String specifying whether the distribution of damage levels among the damaged cells should be shifted towards the upper or lower range of damage specified in 'target_damage' or follow a symmetric distribution between them. There are three valid options:

  • "right_skewed"

  • "left_skewed"

  • "symmetric"

  • Default is "right_skewed"

distribution_steepness

String specifying how concentrated the spread of damaged cells are about the mean of the target distribution specified in 'target_damage'. Here, an increase in steepness manifests in a more apparent skewness.There are three valid options:

  • "shallow"

  • "moderate"

  • "steep"

  • Default is "moderate"

beta_shape_parameters

Numeric vector that allows for the shape parameters of the beta distribution to defined explicitly.

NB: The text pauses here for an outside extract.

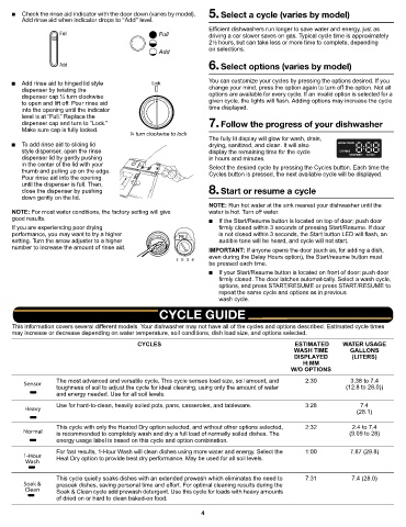 This information covers several different models. Your dishwasher may not have all of the cycles and options described. Estimated cycle times

This offers greater flexibility than allowed by the 'damage_distribution' and 'distribution_steepness' parameters and will override the defaults they offer.

  • Default is 'NULL'

stability_limit

Numeric specifying the number of additional iterations allotted after the median minimum distance of the artificial cells to the true cells is greater than the previous minimum distance.

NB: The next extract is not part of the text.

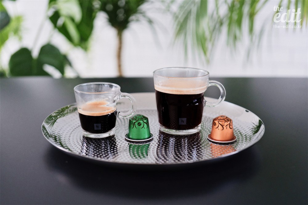 이름을 말하는 게 좀 늦었죠? 새해 처음으로 선보이는 네스프레소의 신상, 아라비카 에티오피아 하라와 로부스타 우간다입니다. 위 이미지 속 살짝 보이는 스틸 트레이는 아프리카 전통 커피 세레모니에서 영감을 받아 스위스 스튜디오 아뜰리에 오이와 제작했대요. 여기에 커피를 담으면, 반짝거리며 잔을 비추는것이 얼마나 근사한지 몰라요. 이번 출시를 기념한 특별 기프트 박스에 이 스틸 트레이와 뷰 룽고 혹은 뷰 에스프레소 2개가 함께 포함되어 있대요.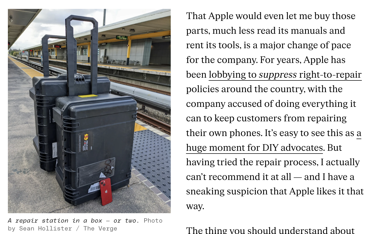 Un droit à la réparation qui semble une évidence dans un monde au bord du gouffre environnemental, mais qui ne va malheureusement pas de soi. J’en veux pour preuve le témoignage de cet utilisateur d’Apple, à qui la marque a envoyé une mallette de 35 kilos contenant les ustensiles nécessaires à la réparation de son écran (autant vous dire qu’à ce compte là, je préfère encore lâcher une somme exhorbitante dans un “reparphone” douteux de Montgallet).

The idea here is that if a higher penalty is not causing an improvement in the output, there is little need to continue testing with larger penalties.

  • Default is 3.

damage_proportion

Numeric describing what proportion of the input data should be altered to resemble damaged data.

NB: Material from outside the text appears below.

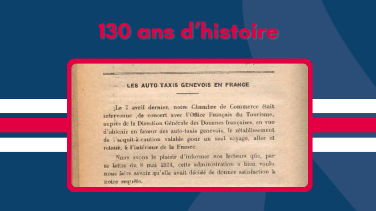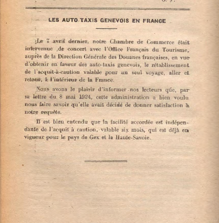 Ce fut le cas notamment le 7 avril 1924, date à laquelle "notre Chambre de Commerce était intervenue, de concert avec l'Office Français du Tourisme, auprès de la Direction Générale des Douanes françaises, en vue d'obtenir en faveur des auto-taxis genevois, le rétablissement de l'acquit à caution valable pour un seul voyage, aller et retour, à l'intérieur de la France."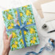 Papel De Regalo Lemones, El Fondo Azul Vibrante No Tiene Percanto.

  • Must range between 0 and 1.

annotated_celltypes

Boolean specifying whether input matrix has cell type information stored.

  • Default is FALSE

return_output

String specifying what form the output of the function should take where the options are either,

  • "penalty"

  • "full"

"Penalty" will return only the ribosomal penalty that resulted in the best performance (the smallest median distance between artificial and true cells). While "full" will return the ideal ribosomal penalty and the median distance between artificial and true cells for each penalty tested. This allows insight into how the penalty was selected.

  • Default is "penalty".

ribosome_penalty

Numeric specifying the factor by which the probability of loosing a transcript from a ribosomal gene is multiplied by. Here, values closer to 0 represent a greater penalty.

  • Default is 0.01.

seed

Numeric specifying the random seed to ensure reproducibility of the function's output. Setting a seed ensures that the random sampling and perturbation processes produce the same results when the function is run multiple times with the same input data and parameters.

  • Default is 7.

verbose

Boolean specifying whether messages and function progress should be displayed in the console.

  • Default is TRUE.

Value

Numeric representing the ideal ribosomal penalty for an input dataset.

Details

Based on observations of true single cell data, we find that ribosomal RNA loss occurs less frequently than expected based on abundance alone. To adjust for this, the probability scores of ribosomal gene loss are multiplied by a numerical value (ribosome_penalty) between 0 and 1. Lower values (closer to zero) better approximate true data, with a default of 0.01, though this can often be greatly refined for the input data.

Refinement follows a similar workflow to detect_damage(), but rather than evaluating the similarity of true cells to sets of artificial cells to infer their level of damage, we evaluate the similarity of artificial cells to true cells to infer the effectiveness of their approximation to true data. This is calculated using the distance to the nearest true cell (dTNN) taken for each artificial cell found using the Euclidean distance matrix. The median dTNN is computed iteratively until stabilization or a worsening trend. The ideal ribosomal_penalty is then selected as that which generated the lowest dTNN.

Examples

data("test_counts", package = "DamageDetective")

penalty <- select_penalty(
 count_matrix = test_counts,
 stability_limit = 1,
 max_penalty_trials = 1,
 seed = 7
)
#> Testing penalty of 1e-05...
#> Maximum penalty trials reached (1). Stopping.